NY is also frustrating that you can send them late, but if you miss the cutoff by even a day you can't go early. DD missed cutoff by a few months. The school tested her and she was reading at a 5th grade level (at 5.) You may not skip K or start early. She had to go to K for a few months, and when that was a disaster move to 1st in the middle of the year.

Good luck.. I would never have considered it for my son, but only you know what's best. I myself will have a 17yr old going to college (although I've told her she can take a year off..) I would rather deal with this than a child who was bored for 12 years.
 
To momofbgtwins:

We seperated our twins. I read everything I could get my hands on about the subject. Our school district is against it but I was willing to argue if my children wanted to be together. My daughter insisted on having her own teacher, my son was devastated.

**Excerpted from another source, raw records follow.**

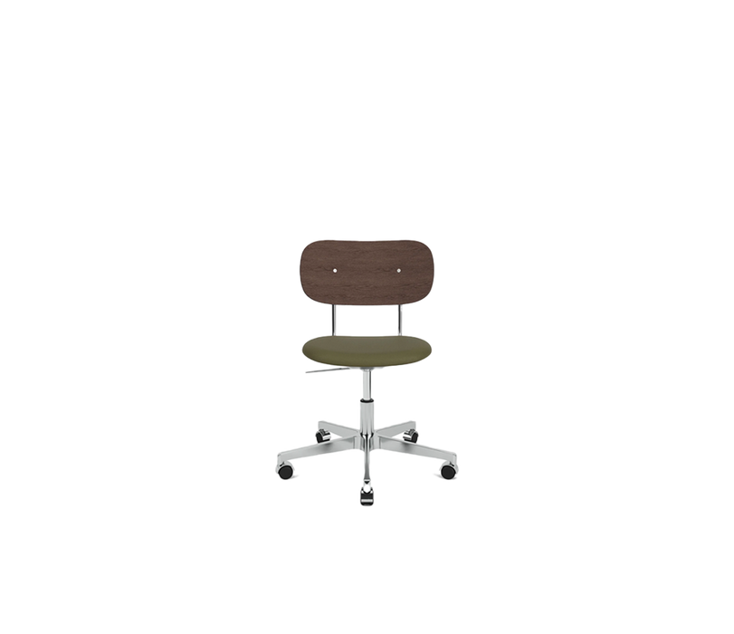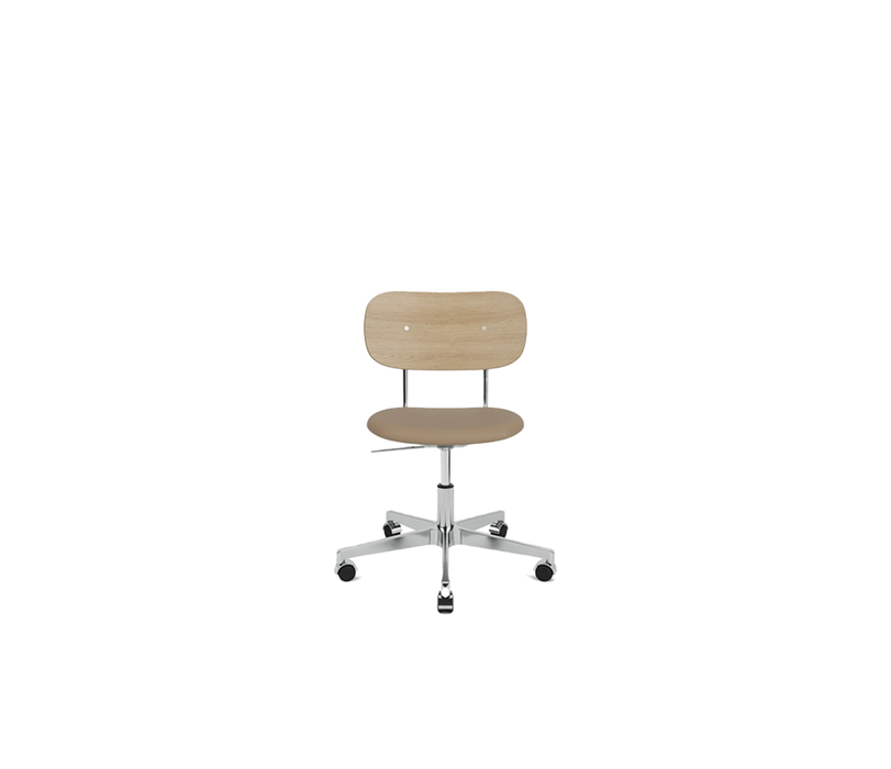 The Co Task Armchair seamlessly integrates sitting comfort and flexible function into its minimalist expression. Designed for a wide range of work settings and set on a five-star polished aluminium swivel base with casters, a height-adjustable feature ensures adaptability to workspaces and user preferences, promoting ergonomic comfort for users of different heights. Together with supportive armrests and an upholstered seat, a flex tilt function enhances comfort, allowing for adjustment to the preferred seating position for optimal support during extended periods of use.
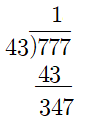 예) 777÷43을 계산해봅시다.
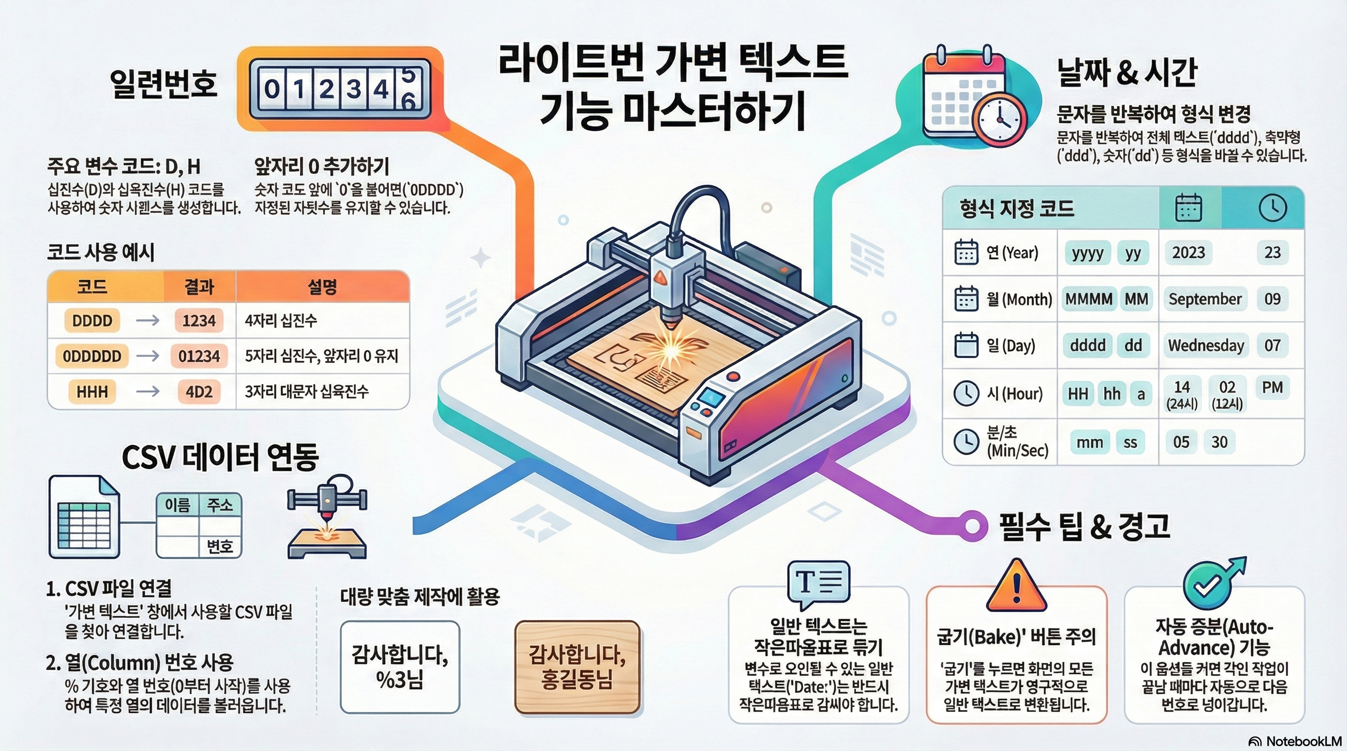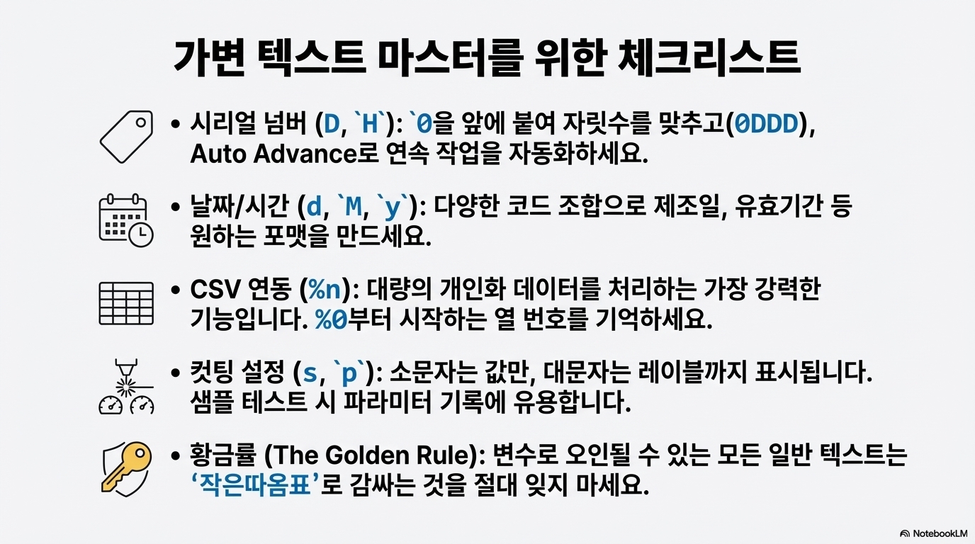 LightBurn의 변수 텍스트는 단순히 일련번호를 자동으로 늘리는 도구가 아닙니다. 이는 CSV 파일 연동, 오류 방지를 위한 구문 규칙, 전문가 수준의 설정값 기록, 그리고 강력하지만 신중하게 사용해야 할 기능까지 포함된 정교한 자동화 스위트입니다. 오늘 소개된 네 가지 기능을 마스터한다면, 반복 작업에 낭비되던 엄청난 시간을 절약하고 실수를 줄여 한 차원 높은 작업 효율을 경험하게 될 것입니다.
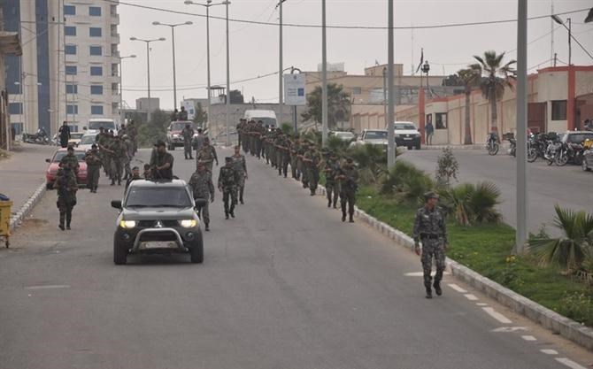 وانطلق المسير من مقر قيادة القوات "السرايا" باتجاه مفترق الطيران, ثم إلى مفترق أنصار الغربي وصولاً إلى شارع البحر, والعودة إلى مفترق السرايا.
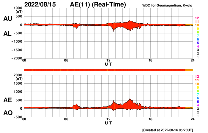 (c) SDO (NASA)、(動画加工 : 宇宙天気ニュース) ![]() 3078黒点群の拡大写真。SDO衛星。 (c) SDO (NASA)、作図:宇宙天気ニュース ![]() 太陽の南西側で発生したフィラメント噴出。GOES衛星SUVI 304。 (c) GOES (NOAA)、(動画加工 : 宇宙天気ニュース) ![]() 太陽から次々と噴出するCMEの様子。SOHO衛星LASCO C2、C3。 (c) SOHO (ESA & NASA)、 (動画加工 : 宇宙天気ニュース) ![]() 3078群のC5.9フレアに伴う噴出。GOES衛星SUVI 304。 (c) GOES (NOAA)、(動画加工 : 宇宙天気ニュース) ![]() SDO衛星のAIA193カメラによる太陽コロナの様子 (c) SDO (NASA) ![]() SDO衛星による太陽の可視光写真。マウスの矢印を写真に重ねると、黒点番号付きの写真に切り替わります。 (c) SDO (NASA) ![]() GOES衛星の太陽X線強度。赤・橙 = 0.1〜0.8 nm、青・紫 = 0.05〜0.4 nm (c) データ:NOAA/SWPC、作図:宇宙天気ニュース ![]() DSCOVRが観測した太陽風の磁場(黒線は全体の強度、赤線は南北成分) 磁場の向き、プラズマの密度、速度、温度 (c) データ:NOAA/SWPC、作図:宇宙天気ニュース ![]() AE指数(速報値) 下段のAEグラフの値が高くなると、オーロラ活動が活発化しています。 (c) 京都大学WDC ![]() ![]() 27日の太陽周期に合わせた図 太陽が同じ面を地球に向けていた27日前の変化から、今後を予想することができます。 (c) 作図:宇宙天気ニュース
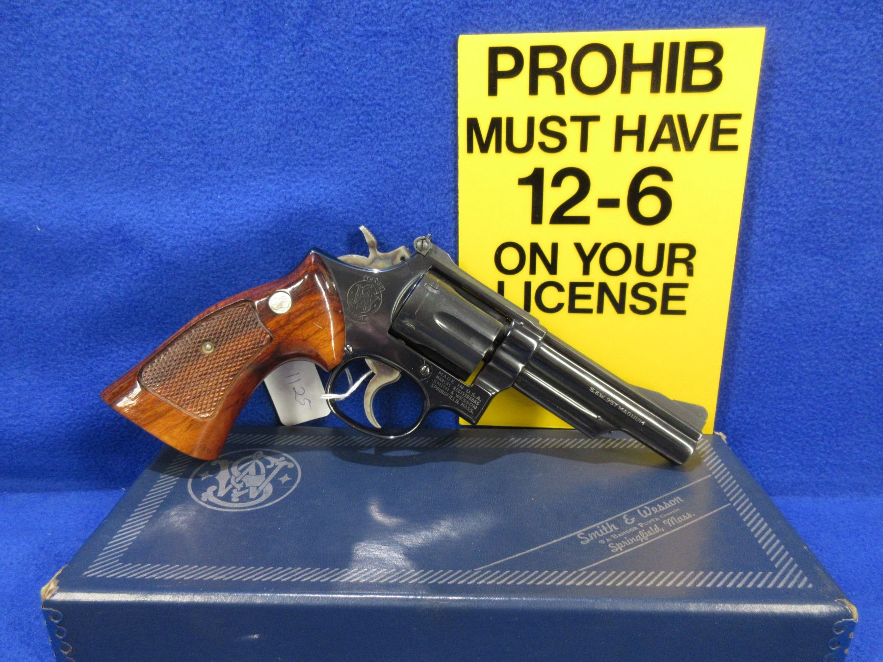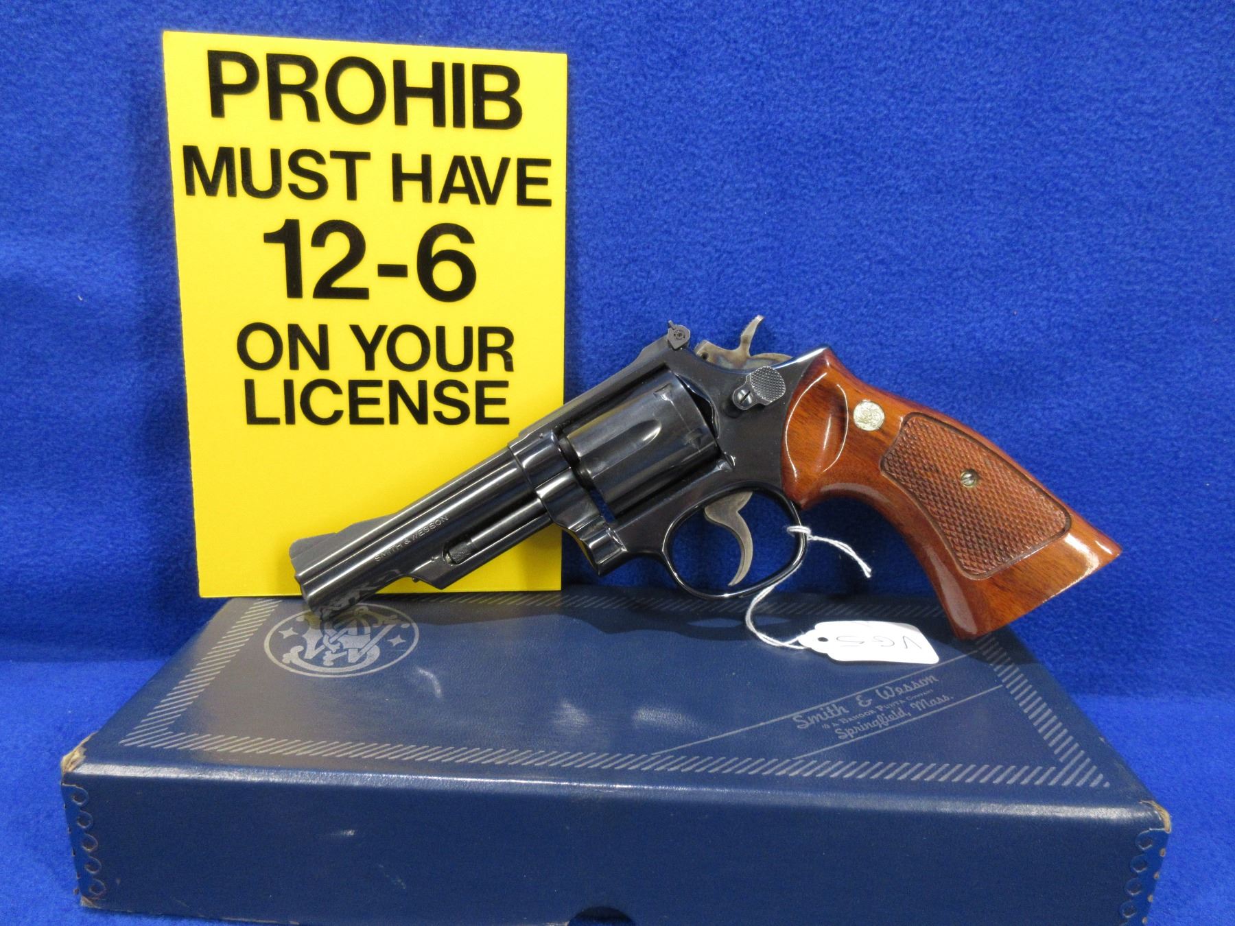 PAL must have 12-6 Handgun on it to Purchase this Prohib Firearm CHECK BEFORE BIDDING - Smith & Wesson Model 19-4 in 357 Magnum - This 6 shot revolver appears to be in very good working order. Barrel is 101MM, rifling is very good, bluing is very good, has fixed front sight, adjustable rear sight, wood grips are very good, comes with original box. Ser # 44K9459

They did have both of their recesses together and then in 1st they only had one recess together. That is something you might want to think about when the time comes for seperate classes, arranging to have recess together the first year apart. It really helped and the teachers were good about letting my daughter go to my son if he got upset (when he was little he wouldn't talk at school when he was upset).

Kristy
 
Before I give you opinion, I'll give you my credentials: I have a Masters degree in education. I've taught fourth, fifth, and sixth grades.

If it were me, I would delay K a year. It isn't what it used to be; K has become real school instead of coloring, playing, and fun. They only have twenty minute recess once a day :confused: Little kids need physical activity and stimulation; they cannot sit still and do worksheets all day (well some can, but that doesn't make it good for them). A friend of mine who is also a teacher went through this with her son who turned five two Augusts ago. She talked to the K teachers at the school. Their advice was that almost every kid who became a behaviour problem later on was started in K when they were too young. She kept him out until the next year, even though he was bright and did great at preschool.

My nephew turned five at the end of August a few years ago. He is very bright. He just finished third grade and he was in the gifted program. He is disruptive and doesn't complete his work often. I attribute many of his problems to the fact that he was very young when he started K.

Boys just don't develop maturity at the same rate as girls, so putting them into K as the youngest in the class does more harm than good. It can lead to problems down the road that are easy to avoid if you just keep him out one more year.

I hope this helps. For full disclosure, I have to let you know that my daughter, who is about to start second grade, is homeschooled :hippie: That doesn't mean that I don't understand the trials and tribulations of parents with traditionally schooled kids!
 
If it were me, I would delay K a year. It isn't what it used to be; K has become real school instead of coloring, playing, and fun. They only have twenty minute recess once a day :confused:

This is where I think the OP needs to find out exactly what her Kindergarten entails. Our Kindergarten is still only 1/2 day. So, they don't eat lunch at school & we still have play areas (play kitchen, dress-up area, etc...) so they go for about 2 1/2 hours (more or less) & still get free time for playing in there.
I know ours doesn't get the 20 minute recess but really it's not quite needed when it's not any longer than preschool here, just goes 5 days/week instead of 2 or 3. As a matter of fact, when my 7 year old went to Kindergarten he actually had a shorter day than when he was in preschool because he rode the bus & had a 45 minute ride home. He would actually get home AFTER I picked up the older kids from elementary school.